Sustainable Agriculture, Powered by Emerging Technology
Given that today agriculture consumes 70 percent of our fresh water, finding ways to reduce water waste is a modern day imperative. Feeding an ever-growing global population while conserving valuable natural resources will be one of society’s greatest challenges in the coming years and decades. Smart farming and smart winemaking—indeed smart anything—are our best routes to conserving natural resources.
For instance, one vertical farming customer is using diverse data sets generated by connected sensors via an IoT solution. It’s also employing advanced data analytics technologies that leverage AI to grow pesticide-free food that’s bursting with flavor. Effectively, by embracing precision farming it uses 95 percent less water and claims to be 390 times more productive than conventional field farms.

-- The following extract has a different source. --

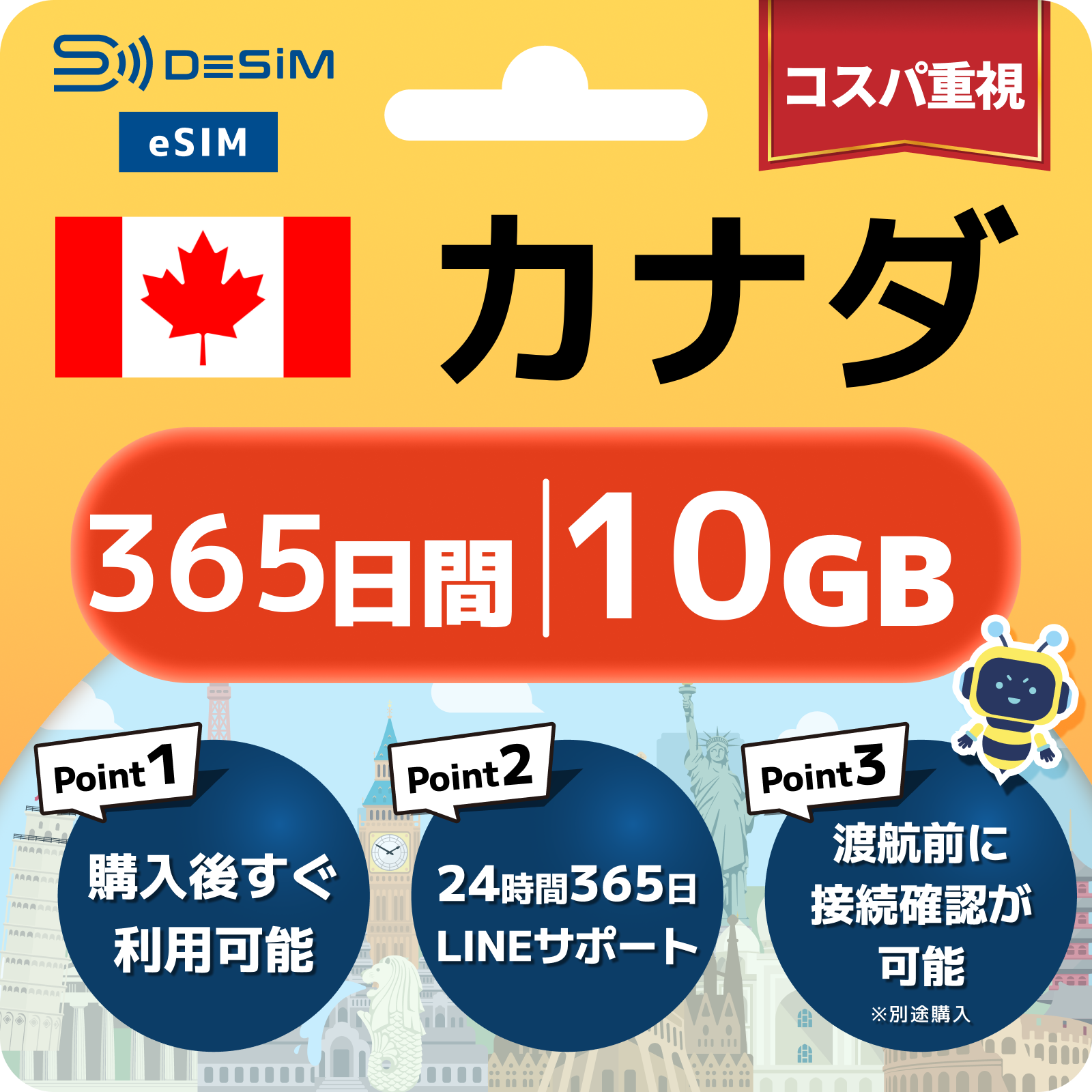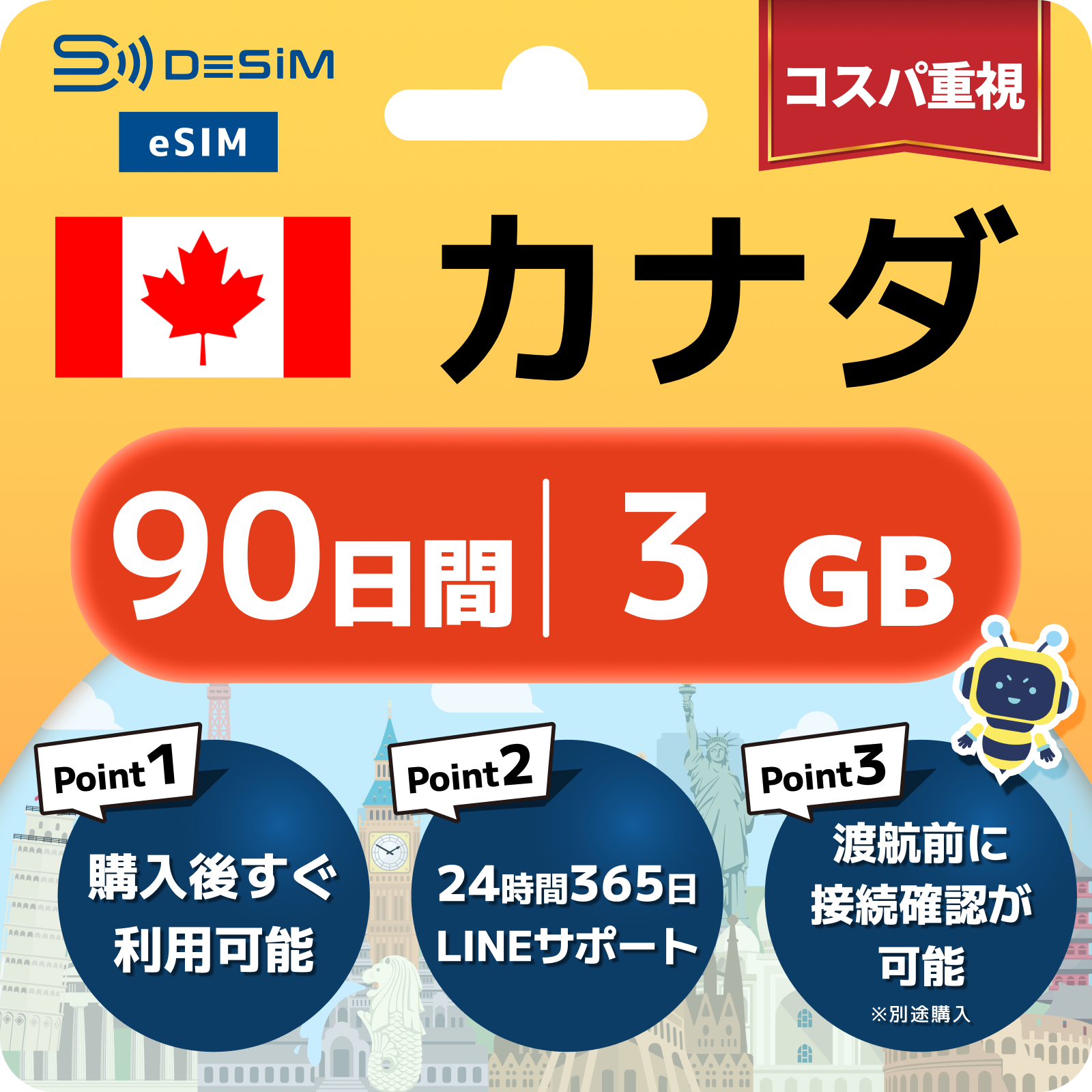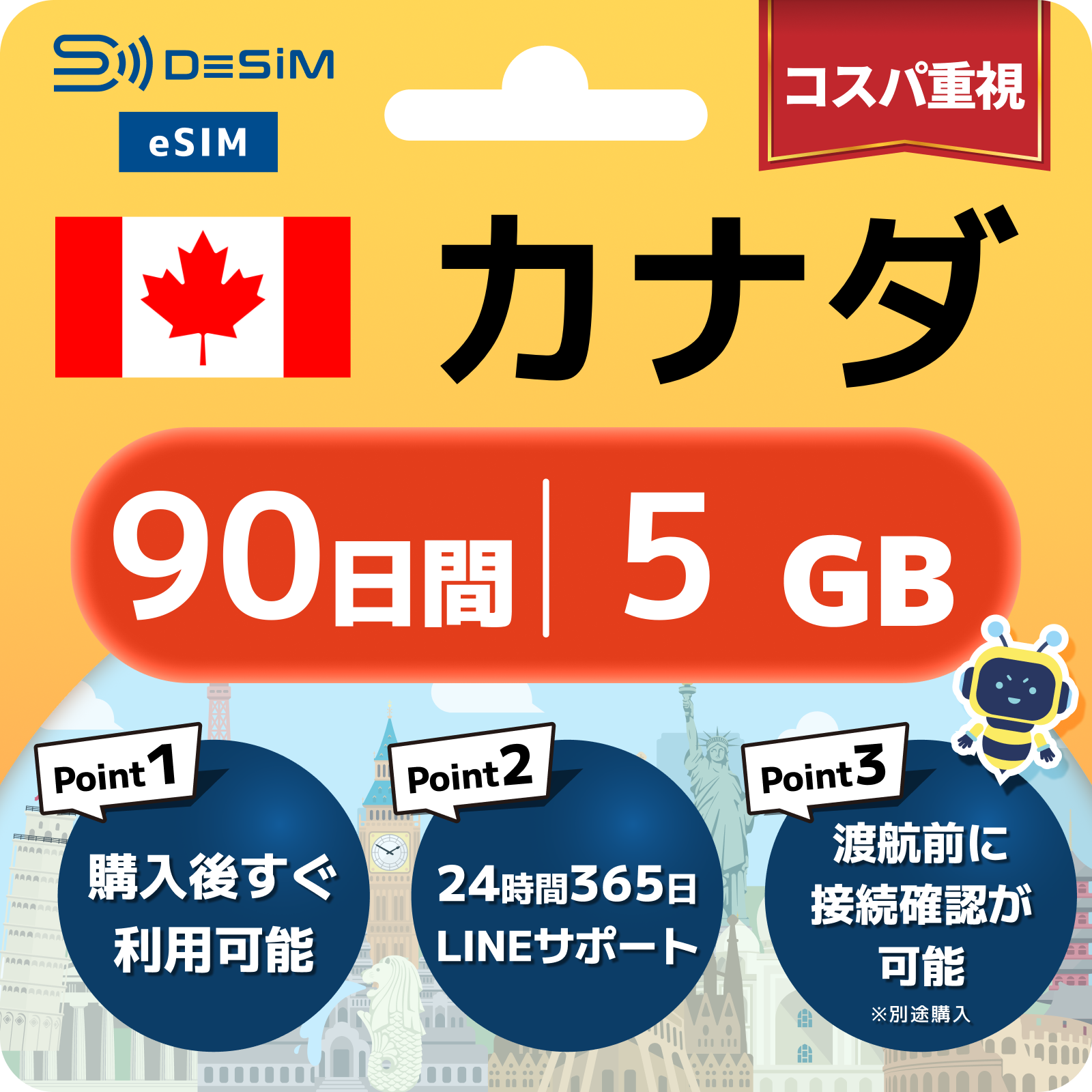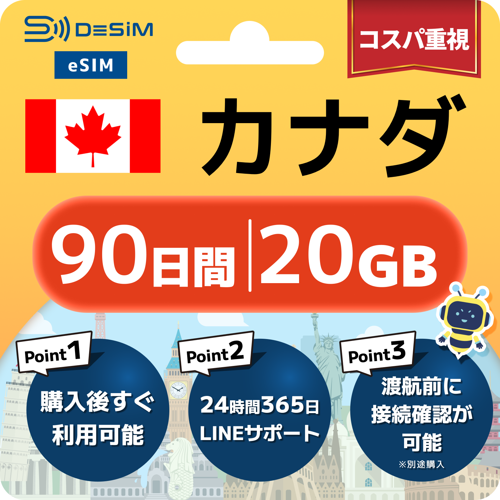 カナダ eSIM 長期(60~365日間)500MB~50GB選択可能 即日開通 テザリング対応

At the epicenter of these innovations is data, which used to be hemmed in by single applications or ecosystems, stored in silos, and marooned in outlier locations. Now data is part of a distributed computing architecture. This shift is bringing compute closer to the source of data and accelerating the switch from data to insights. With data at the Edge, large data sets are being analyzed in fractions of a second and AI is finding patterns and solutions quicker than ever before.
Putting the “Smart” in Everything
Data science isn’t just the preserve of agriculture. In the data era, it’s a vital tool for all business. According to the Digital Transformation Index, 91 percent of senior business decision-makers across 12 sectors agree that extracting valuable insights from data will be more important for their business than ever before. Meanwhile, 85 percent believe that in next three-to-five years, businesses will use AI and data models to predict potential disruptions, so they can mitigate disruptions.
Of course, some companies will always be laggards, clinging to old-school methods and plain intuition. Increasingly, however, enterprises of all shapes and sizes—including farmers, winemakers, healthcare companies, stock exchanges, among others—are coming to the fore to transform production in far more efficient (and in some cases delicious) new ways.